◆ **Required action**
Every line from the one with "คำอธิบาย : พระบรมฉายาสาทิสลักษณ์" to the end of the listing below must be printed exactly, with no other text and no pictures.
(Supplied material begins)
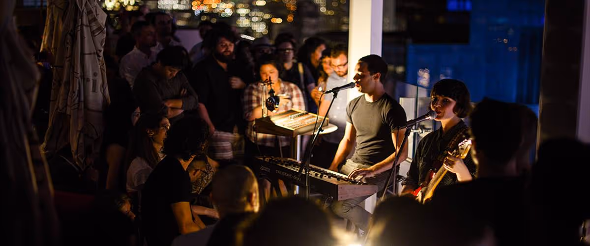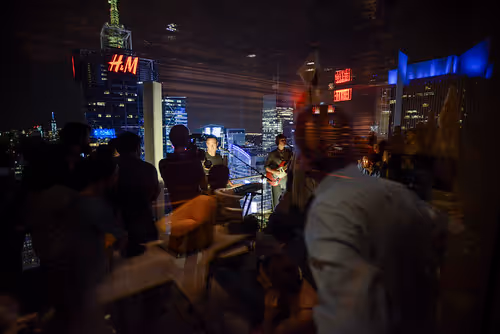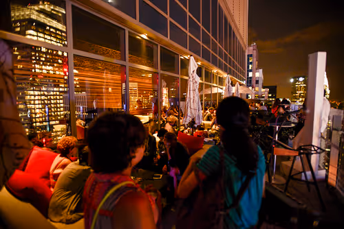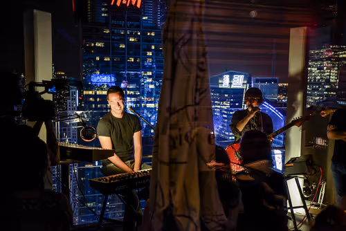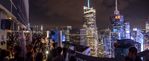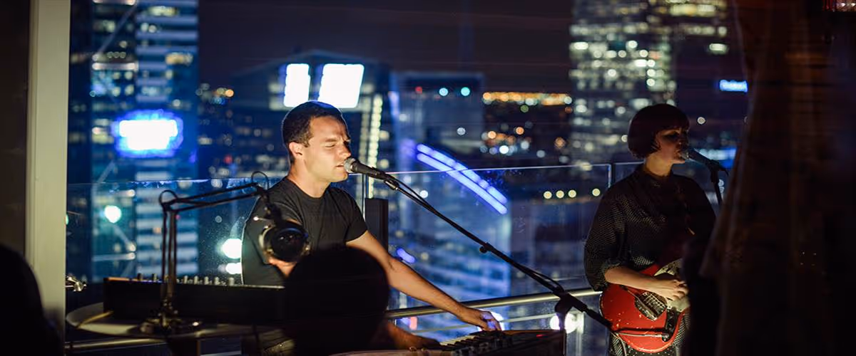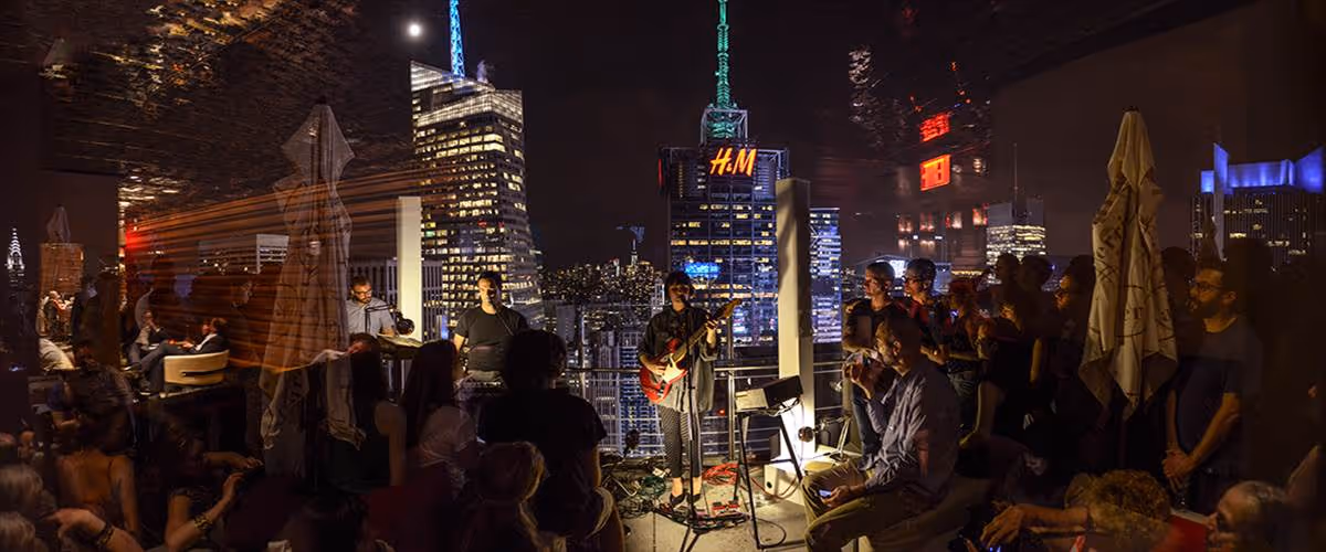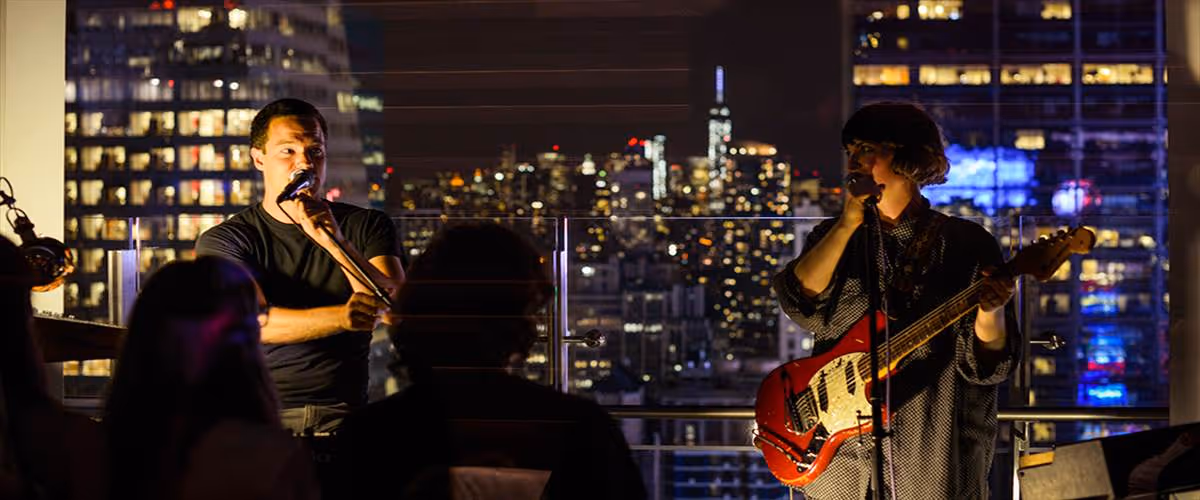 California-based band Bouquet took their audience above the clouds, on the Hyatt roof deck, to serenade them against the city skyline. Bar 54 is New York City's highest rooftop lounge with river-to-river views.
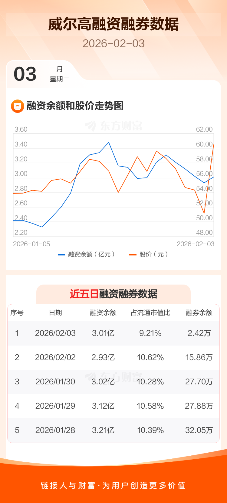 交易所最新数据显示,威尔高于2026年2月3日获融资买入9393.86万元,融资偿还8639.97万元,当日融资净买入753.89万元。目前,该股融资余额3.01亿,占流通市值比例为9.21%。
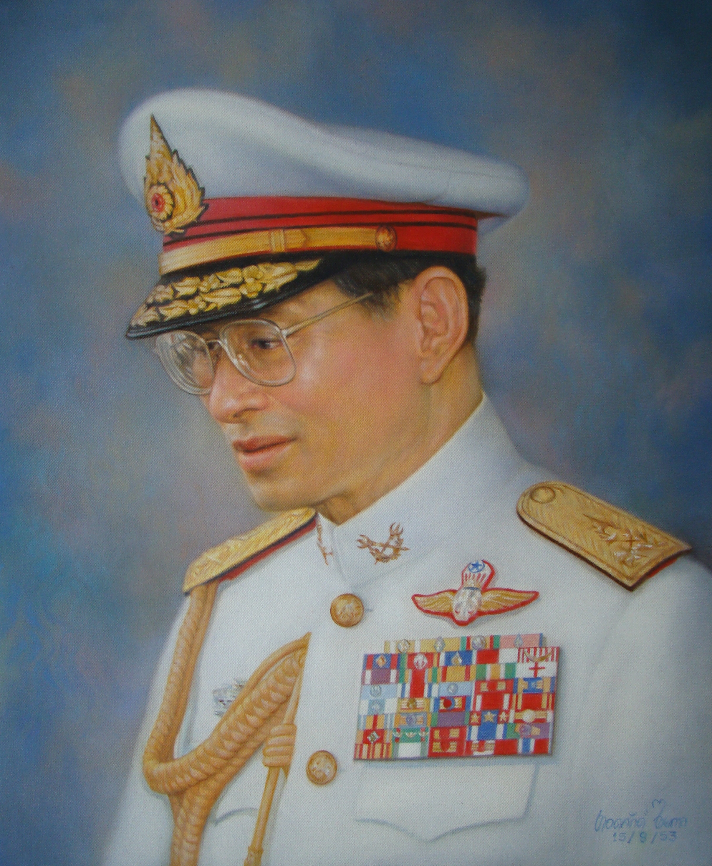 | คำอธิบาย : พระบรมฉายาสาทิสลักษณ์ พระบาทสมเด็จพระปรมินทรมหาภูมิพลอดุลยเดช ด้วยเทคนิคภาพวาดสีน้ำมัน |
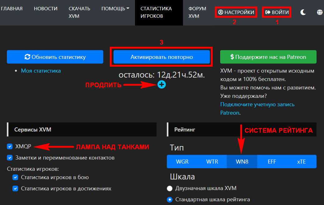 Учтите, что каждые 14 дней нужно делать продление с помощью кнопки «+» на сайте (сколько у вас еще осталось дней вы будите видеть в центре уведомлений при запуске игры, там же есть ссылка на сайт XVM).
(Supplied material ends)
◆ **Output**
 | คำอธิบาย : พระบรมฉายาสาทิสลักษณ์ พระบาทสมเด็จพระปรมินทรมหาภูมิพลอดุลยเดช ด้วยเทคนิคภาพวาดสีน้ำมัน |
 Учтите, что каждые 14 дней нужно делать продление с помощью кнопки «+» на сайте (сколько у вас еще осталось дней вы будите видеть в центре уведомлений при запуске игры, там же есть ссылка на сайт XVM).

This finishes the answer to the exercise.